Before moving to BTV in July 2023, they’d lived 43 years in the home they built on Boston Mountain View Drive. Downsizing from a large home to an apartment was daunting, but their granddaughter helped tremendously.

Right at Home at BTV

Familiar with BTV from their time in Fayetteville, Jim and Andrea got on the Carriage Club list several years ago. They’re very happy with their Second Floor South apartment and living in the main building because everything is so handy – from the dining room and performance hall to the mail stop and library.

They enjoy reconnecting with old friends and developing new friendships at BTV. Former neighbors now live two doors down the hall, and one of Andrea’s best friends is across the hall. They especially delight in running into residents whose children were in Andrea’s plays or were delivered by Jim.
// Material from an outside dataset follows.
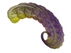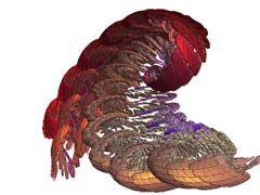 Too easy? Wait a moment: ChaosPro restricts you not only to simple zoom in/out/around movies, it lets you create animations based upon every fractal parameter in ChaosPro, in every combination. You simply define key frames of how your animation should look like, specify how many frames there should be between each pair of key frames and ChaosPro does the rest. The key frames may differ in any parameter which can be changed in a continuously manner, like the corners, the iteration value, the rotation angle, the parameter, the bailout value, the coloring paramaters, the palette and many others. Parameters which cannot change during an animation are the fractal type or flags for example: These must be the same during the animation. But the animation system is clever enough to not let you specify keyframes which do not match to the others you already have defined. So, are you interested in an animation flying into a Complex Newton Set, which keeps rotating, whereas the palette changes, just in order to fly around a bit and finally to fly back to the starting location animating the initialization point? And together with the 3D feature you additionally can animate all 3D parameters... |

They had a home gym before moving to BTV, and Jim played tennis and pickleball and participated in marathons and triathlons. Now, Jim maintains his exercise regimen with resistance training three times a week, workouts in the pool and frequent walks on the nearby Razorback Greenway. Andrea attends a chair yoga class and does water jogging with friends in the pool on Sundays. She also takes an acrylic art class twice a month and likes to pop into the bistro and run into friends.

Their four granddaughters and two greatgrandchildren all live in the region, and the greatgrands regularly have sleepovers, camping out in sleeping bags on pallets in the living room. They also host birthday parties for their family in their apartment.

Jim doesn’t know how to use the stove and doesn’t plan to learn. But he does prep their coffee maker each evening, so they can quickly enjoy drinking it together in the mornings. He regularly reads The New York Times, the Arkansas Democrat-Gazette, The Atlantic and other magazines, and is a frequent BTV library customer. Andrea has been in a monthly book club for about 20 years. They recently read A Gentleman in Moscow by Amor Towles, and are next reading his Table for Two, a collection of short fiction.

They’re approaching the future as they’ve always done. “We plan to live in the present, continue to learn and participate, and live life to the fullest,” Andrea said.